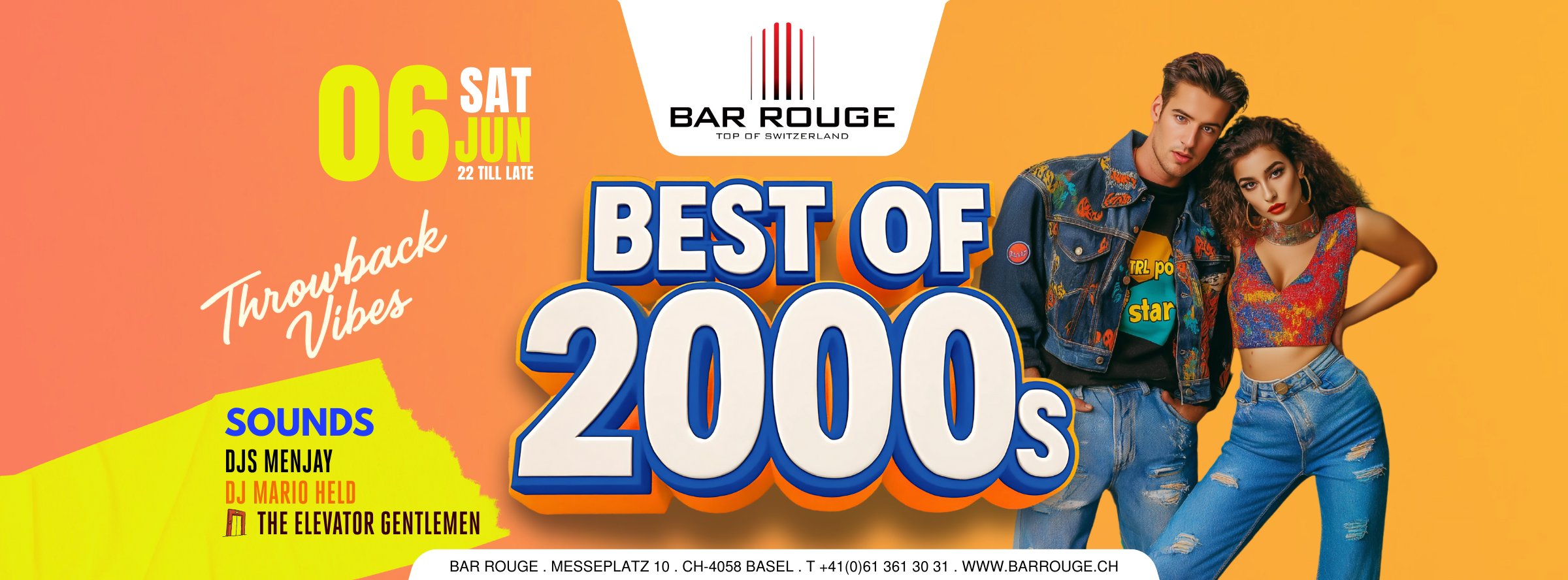 Geniesse auf 105 Metern Höhe trendige Cocktails von stylishen Bartendern und bestaune den atemberaubenden Blick auf Basel. Tanze auf zwei Floors zu Club Classics, RnB, Latin und angesagten Charts im 31. Stock oder tauche im 30. Stock ein in die Ära von Hits wie Britney Spears' "Toxic", OutKast's "Hey Ya!", Rihanna's "Umbrella" und Lady Gaga's "Poker Face". Komm zur Best of 2000 Party, bring deine Freunde mit, zeig uns deine angesagtesten Dance Moves und geniesse eine unvergessliche Nacht. Join the club!
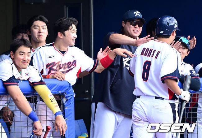 임무를 마치고 더그아웃으로 향하는 노시환을 향해 류지현 감독은 엄지를 치켜세웠다. 팀 선배 류현진은 형님 미소로 그를 반겼다. 작전 수행의 귀재 박해민도 박수를 치며 노시환의 플레이를 칭찬했다. 노시환을 맞이하는 대표팀 더그아웃은 노시환이 홈런을 치고 온 것처럼 화기애애했다.
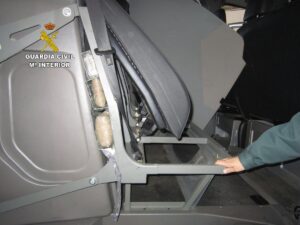 Finalmente el vehículo era trasladado hasta la Ciudad Autónoma de Melilla donde se producía la carga de la droga en “garajes” previamente alquilados por la organización en el extrarradio de la ciudad, donde actuaban en clandestinidad.
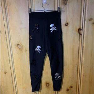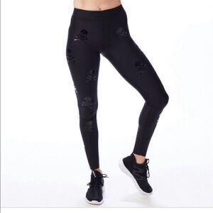 NWOT Ultracor x Soulcycle high knockout patent nero silver pop skull leggings sm
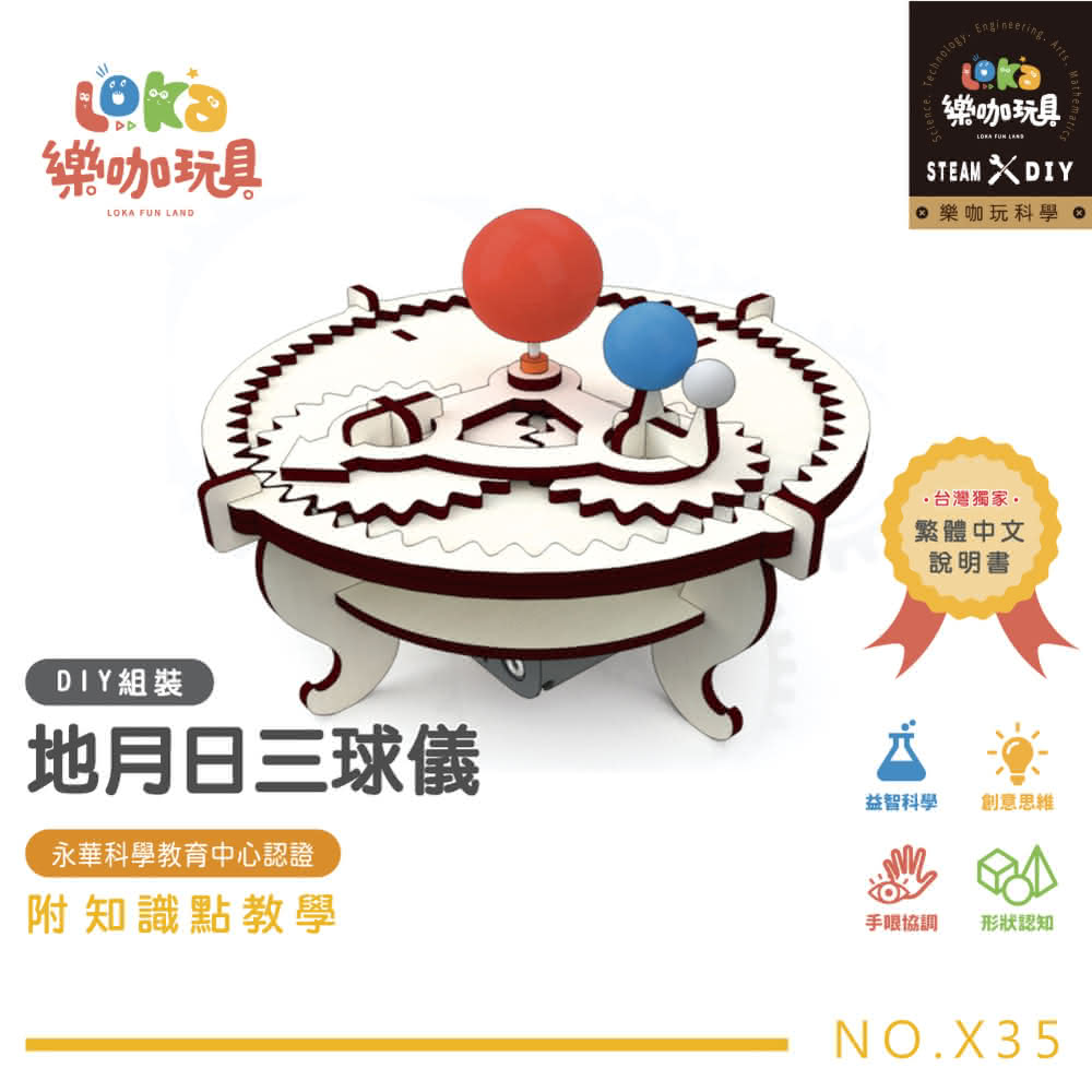 繁體中文 精緻包裝 地月日三球儀 DIY科學材料包 M X35科學玩具/Steam科學教育/DIY玩具/科學教具/樂咖玩科學
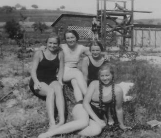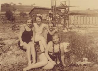 Badevergnügen vor fast 90 Jahren in der neuen Badeanstalt in Niederselters: Die Badenixen Alice Lehnert, Johanna Pohl, geborene Geis, Lydia Geis und Edith Brühl (von links). Repro: Königstein
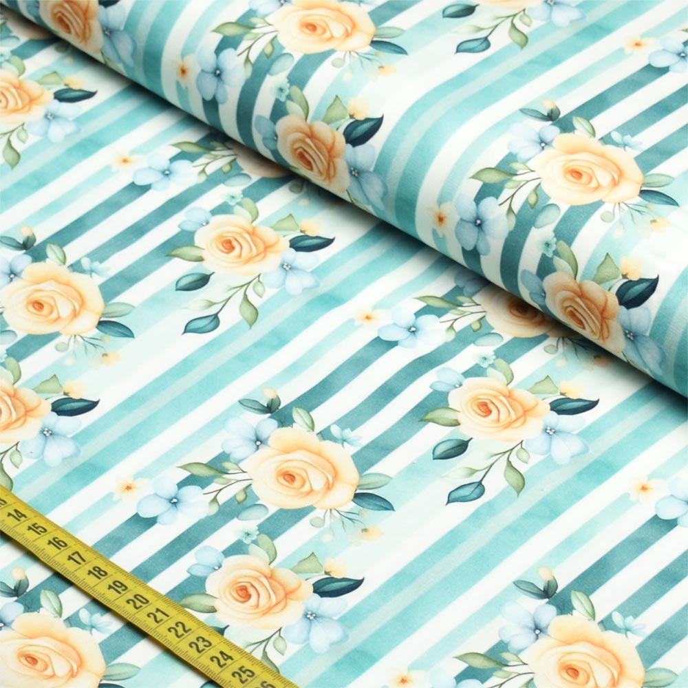 Tecido Tricoline Safari : Rosas e Listras (0,50x1,50)
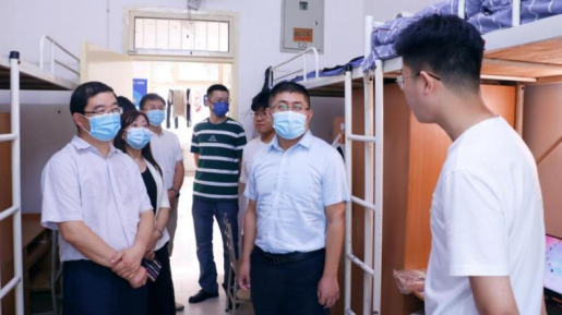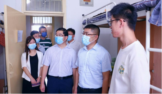 9月9日上午,3003新葡官方网站党委书记张金来、院长曹现刚、党委副书记尹弘、副院长钟斌、学生办公室主任周学刚及新生辅导员老师一行到9号学生公寓看望慰问2022级新同学。
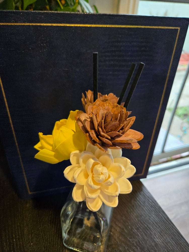 This set comes with a roped white crown jewel, 2 brown almond sliced roses and a yellow poppy flower and several black reed sticks. ✨️
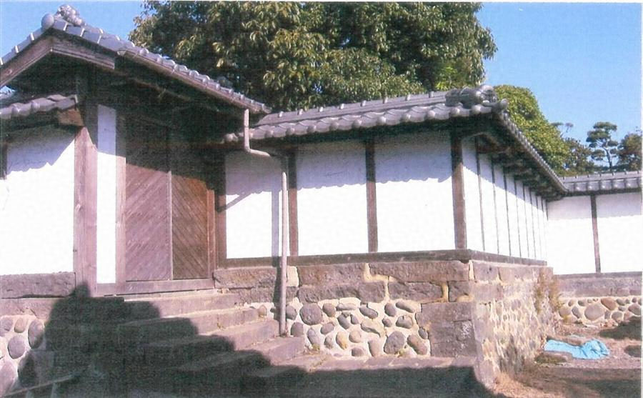 主屋南側の庭の南側と西側を囲い,質蔵北西隅から北に延び,矩折れに宝蔵南西方の木造の祠まで延びる。木造で,石造の基礎の上に建ち,出桁で軒を支え,瓦屋根を載せる。南東隅に小規模な腕木門を開く。つくりが丁寧で,屋敷外周の質の高い景観を形成。
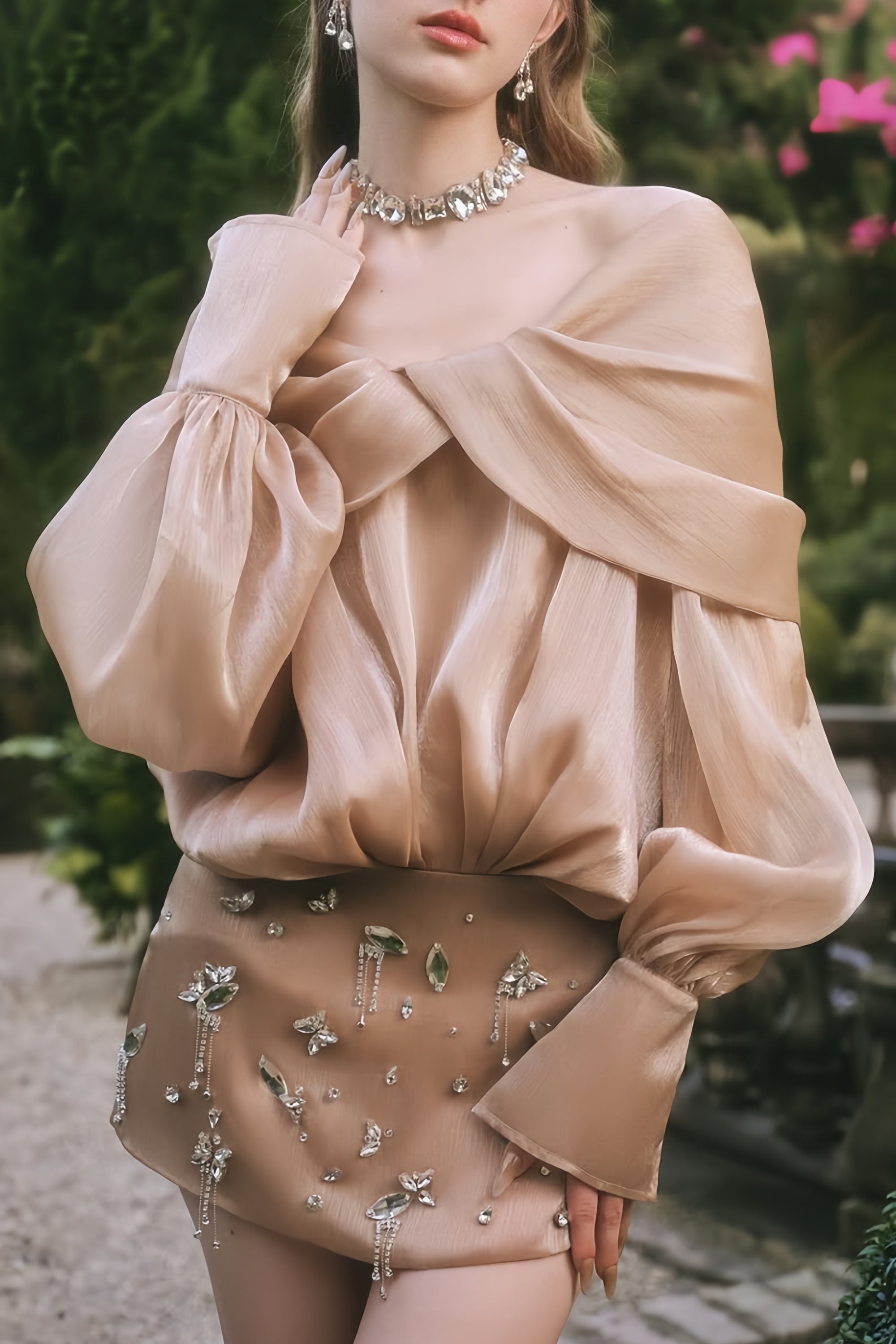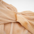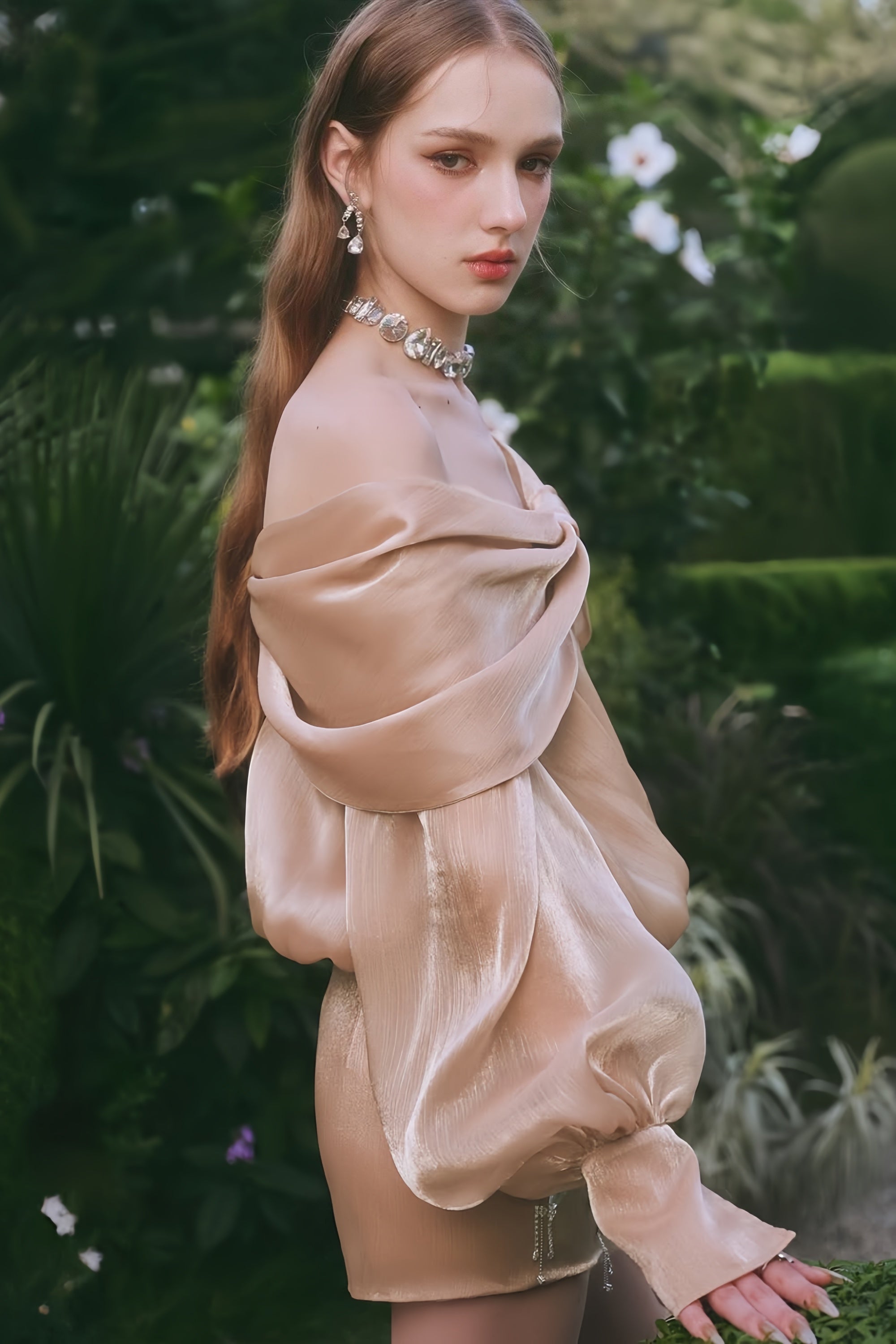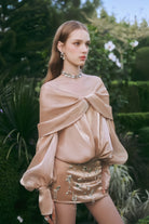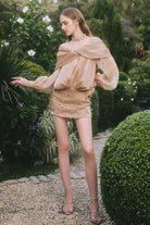 Introducing the Adelina Gold Mini Dress with Crystal Embellishments and Panelling — your new go-to for instant glamour. Drenched in a luminous gold-tone, this off-shoulder stunner showcases dramatic long puff sleeves and a sleek panelled bodice hand-embellished with sparkling crystals. A clean straight hem skims the thigh for a flirty finish, while a discreet side zip keeps the silhouette smooth and secure.

================

WHAT YOU SHOULD DO: What are the lines in the records above, word for word, from the one containing "繁體中文 精緻包裝 地月日三球儀" through the one containing "主屋南側の庭の南側と西側を囲", both ends included and pictures left out?

SOLUTION BELOW:
 繁體中文 精緻包裝 地月日三球儀 DIY科學材料包 M X35科學玩具/Steam科學教育/DIY玩具/科學教具/樂咖玩科學
 Badevergnügen vor fast 90 Jahren in der neuen Badeanstalt in Niederselters: Die Badenixen Alice Lehnert, Johanna Pohl, geborene Geis, Lydia Geis und Edith Brühl (von links). Repro: Königstein
 Tecido Tricoline Safari : Rosas e Listras (0,50x1,50)
 9月9日上午,3003新葡官方网站党委书记张金来、院长曹现刚、党委副书记尹弘、副院长钟斌、学生办公室主任周学刚及新生辅导员老师一行到9号学生公寓看望慰问2022级新同学。
 This set comes with a roped white crown jewel, 2 brown almond sliced roses and a yellow poppy flower and several black reed sticks. ✨️
 主屋南側の庭の南側と西側を囲い,質蔵北西隅から北に延び,矩折れに宝蔵南西方の木造の祠まで延びる。木造で,石造の基礎の上に建ち,出桁で軒を支え,瓦屋根を載せる。南東隅に小規模な腕木門を開く。つくりが丁寧で,屋敷外周の質の高い景観を形成。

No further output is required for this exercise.